Rare-earth leaching from Florida phosphate rock in wet-process phosphoric acid production
Minerals & Metallurgical Processing
, 2017, Vol. 34, No. 3, pp. 146-153
Liang, H.; Zhang, P.; Jin, Z.; DePaoli, D.
DOI: https://doi.org/10.19150/mmp.7615
ABSTRACT:
Phosphorite, or phosphate rock, is the most significant secondary rare-earth resource. It contains high amounts of phosphate-bearing minerals along with low contents of rare earth elements (REEs). In Florida, about 19 Mt of phosphate rock are mined annually and most are used to manufacture fertilizers using a wet process, in which sulfuric acid reacts with phosphates to produce phosphoric acid and phosphogypsum. In the wet process, REEs are also leached out into solution and eventually get lost in the leaching residue and phosphate fertilizer. Recovering REEs from Florida phosphate rock in the wet process will be beneficial to broadening rare-earth availability, improving the quality of phosphoric acid product and protecting the environment.

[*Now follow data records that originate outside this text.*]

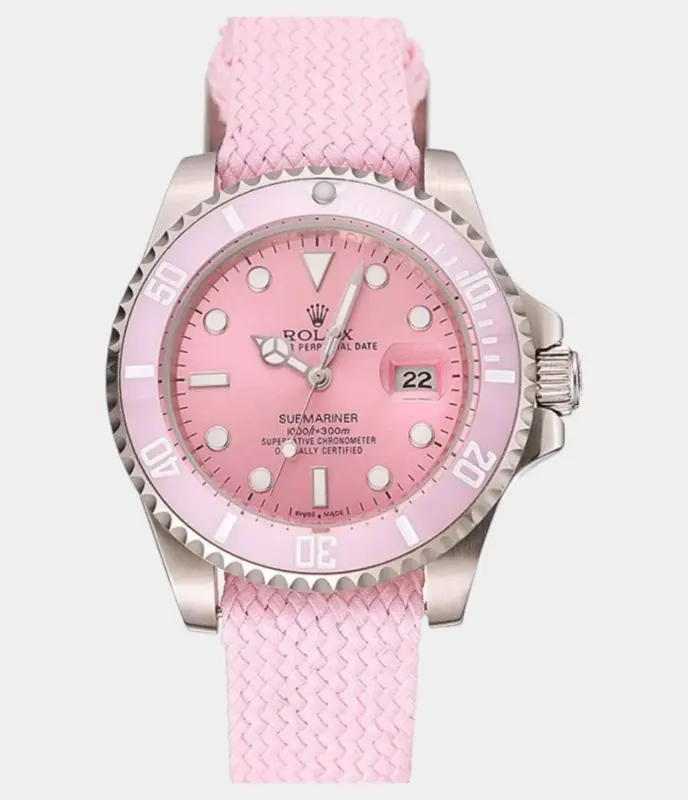 Die Rolex Submariner Replik mit 41 mm Gehäuse und seltenem pinkfarbenem Zifferblatt kombiniert sportliche Taucherästhetik mit ausdrucksstarkem Farbdesign. Eine auffällige Luxuswahl für Liebhaber besonderer Varianten.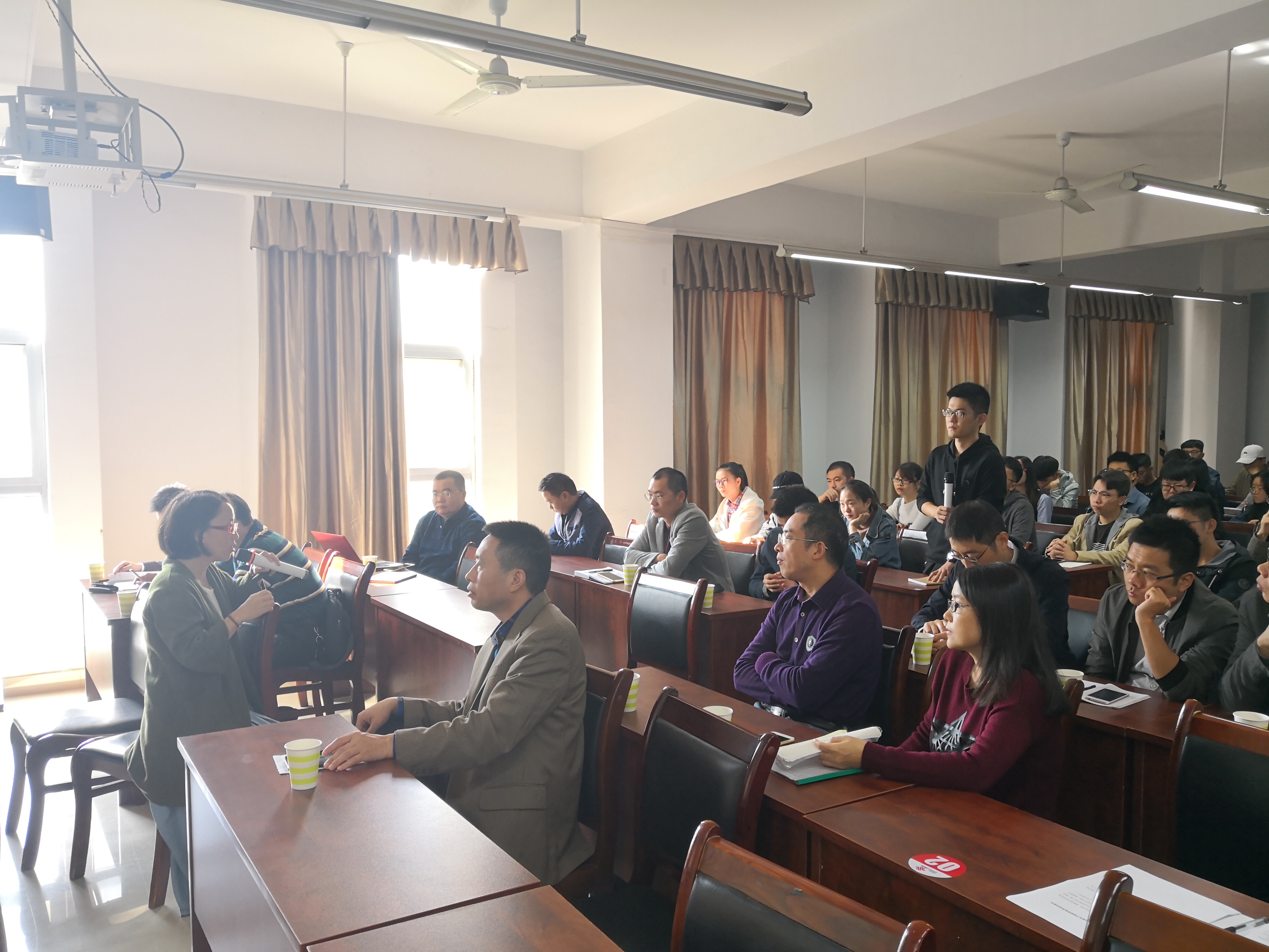 李军教授就研究生在学习过程中的困惑提出几点建议:一是能够达到复现代码的水平,这样能深刻的理解所学论文的思路;二是在所学论文的基础上进行简单改进;三是在理解水平及科研能力达到一定水平时可进行较大程度的创新;四是最终实现创新成果系统化。最后,李军教授与现场师生进行了交流互动,解答了同学们的疑问。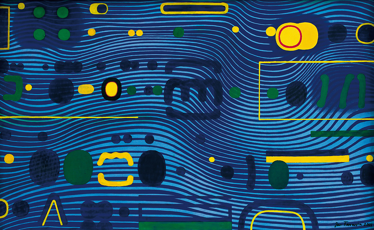 Jan Tarasin (Kalisz 11 IX 1926 - Warszawa 8 VIII 2009) studiował malarstwo w ASP w Krakowie pod kierunkiem prof. Zbigniewa Pronaszki (1946-1951). Jeszcze jako student zadebiutował na I Wystawie Sztuki Nowoczesnej w Krakowie w 1948/49. W połowie lat 50. stworzył cykle litografii: „Nowa Huta i jej mieszkańcy“, 1954, „Dom“, 1955). W pierwszym przeciwstawił się oficjalnemu optymizmowi, w drugim, operując symboliką martwej natury, zawarł treści egzystencjalne i odnoszące do niedawnego dramatu wojny. Po 1956 zaczął malować obrazy niefiguratywne. Układy wyodrębnionych elementów (określanych jako „przedmioty“) umieszczane były przez artystę na płaszczyźnie (cykl „Wnętrze“, 1957) ), lub w aluzyjnej przestrzeni (cykle „Uczta“, 1957, „Brzeg“, 1962-1964, „Przedmioty policzone“, od 1968, „Antykwariat“, 1968). Zasada ta utrzymuje się w jego malarstwie w następnych latach, różnice między okresami twórczości dotyczą sposobu opracowania „przedmiotów“ i ich usytuowania w przestrzeni obrazu lub wobec tła. Od lat 70. „przedmioty“ zmieniają się w graficzne, zwykle czarne znaki na jasnych tłach (cykl „Kolekcja“, od 1971). Tła z kolei bywają iluzyjnie przestrzenne, zróżnicowane walorowo, miękkie. W latach 90. artysta wrócił do kolorystycznego, bardziej malarskiego rozwiązywania zarówno znaków, jak i teł, często ciemnych lub przenikających się z „przedmiotami“ (cykl „Wylęgarnia przedmiotów“, 1992). Tarasin od 1962 jest członkiem „Grupy Krakowskiej“. W 1963-67 uczył na Wydziale Architektury Wnętrz krakowskiej ASP. W 1967 przeniósł się do Warszawy, w 1974 podjął pracę pedagogiczną na Wydziale Malarstwa ASP w Warszawie. W 1987-90 był rektorem tej uczelni. W 1976 otrzymał Nagrodę Krytyki Artystycznej im. Cypriana Kamila Norwida, w 1984 Nagrodę im. Jana Cybisa.; Nagroda na MB Sztuki w San Marino 1965. Równolegle z malarstwem zajmował się rysunkiem i grafiką - do lat 60. litografią, od 1974 serigrafią. W 1974-1981 wydał 8 autorskich „Zeszytów“ z serigrafiami i własnymi tekstami. W 1995 w Galerii Zachęta odbyła się wystawa artysty, której towarzyszył monograficzny katalog.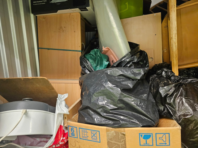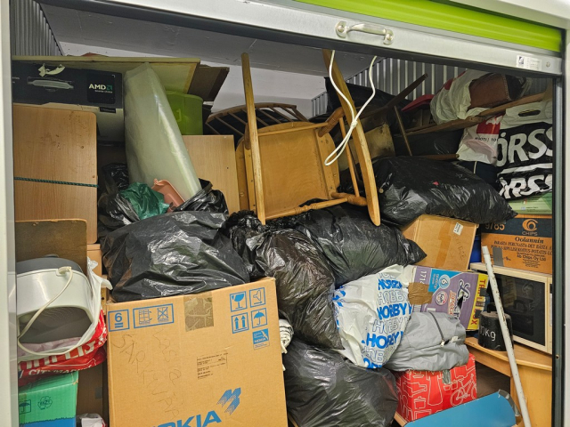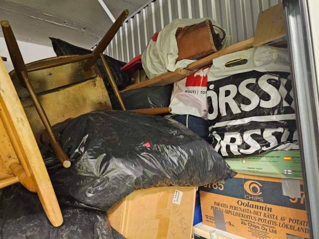 Myydään huutokaupalla kuvassa näkyvän varaston sisältö, vuokranantajan / haltijan lukuun.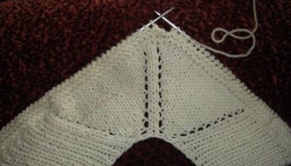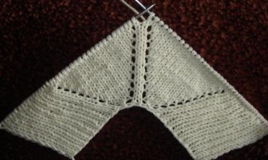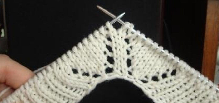 Продолжаем таким же образом до тех пор, пока не получим в одном из изнаночных рядов такую схему: 1 кр. п., 23 п. рез. 1 х 1, 47 и. п., 23 п. рез. 1 х 1, 1 кр. п.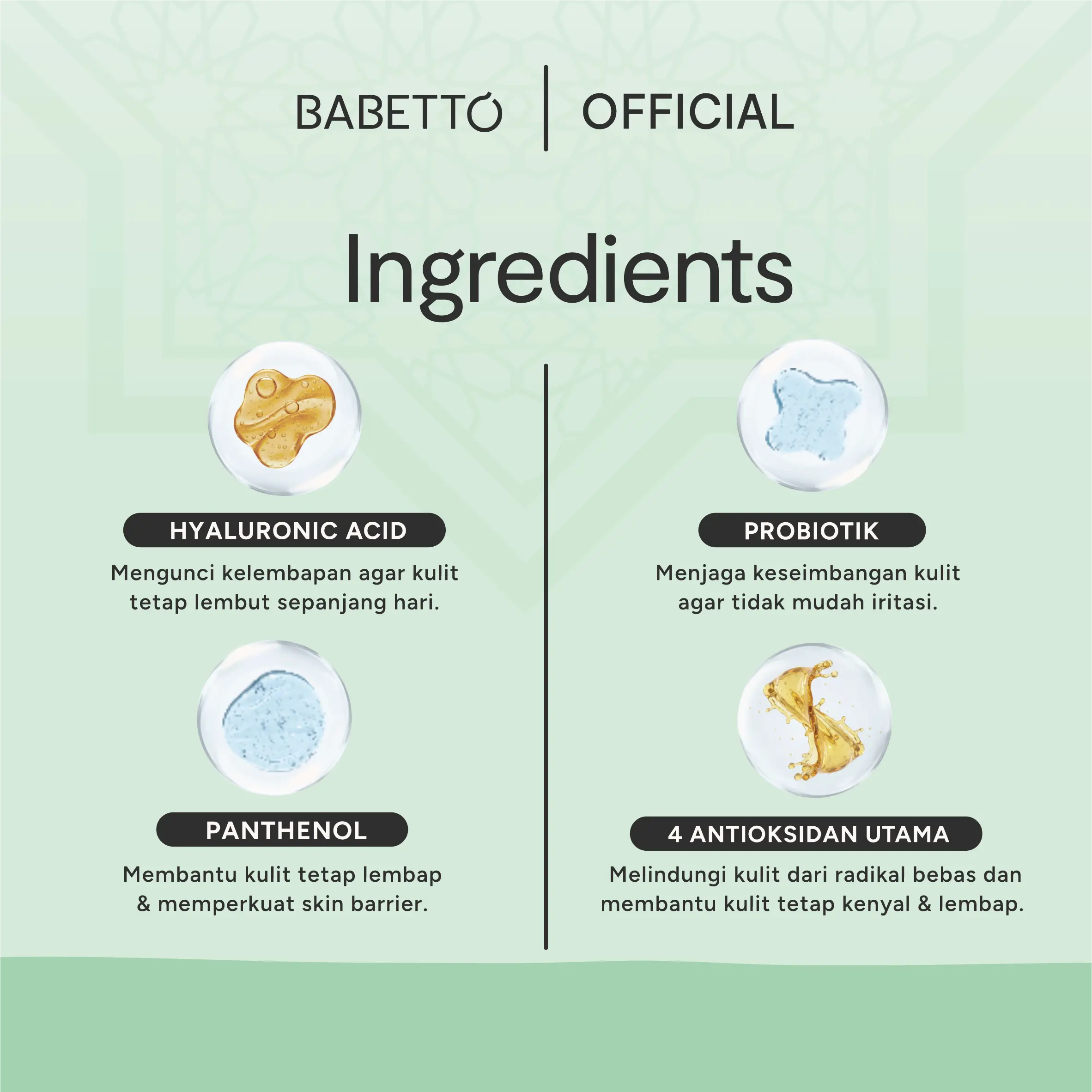 ·Perawatan Lembut Selama Kehamilan : Diformulasikan dengan bahan-bahan aman untuk kehamilan dan melembapkan secara mendalam, Babetto membantu menjaga kenyamanan dan elastisitas kulit selama kehamilan saat kulit meregang dan berubah.

This study focuses on the influences of wet-process operating conditions on REE leaching efficiency. The results indicate that REE leaching efficiency increases with phosphoric acid addition in the initial pulp. At a temperature of 75 °C, a stoichiometric ratio of sulfuric acid (H2 SO4 ) to calcium oxide (CaO) of 1.05 and a weight ratio of liquid to solid of 3.5, REE leaching efficiency reached a relatively high value of 52.82 percent. The trends of REE leaching efficiency were similar to those for phosphoric acid (P2O5 ). Extensive tests on the leaching residue showed that during leaching, about 90 percent of the REEs were released from the phosphate rock but only 52.82 percent ended up in the leaching solution. This phenomenon can be attributed to two factors: (1) the effect of phosphate ions (PO43−) in the solution, which caused REE ions to form REE phosphates and be precipitated into the leaching residue, and (2) the influence of large amounts of anions such as sulfate (SO42−), dihydrogen phosphate (H2 PO4−) and hydrogen phosphate (HPO42−) anions as well as the polar molecule H3 PO4 , which surrounded the REE cations and formed an ion atmosphere that prevented the PO43− from contacting and combining with REE cations. Interaction of these two opposite effects determined the REE distribution between leaching solution and residue.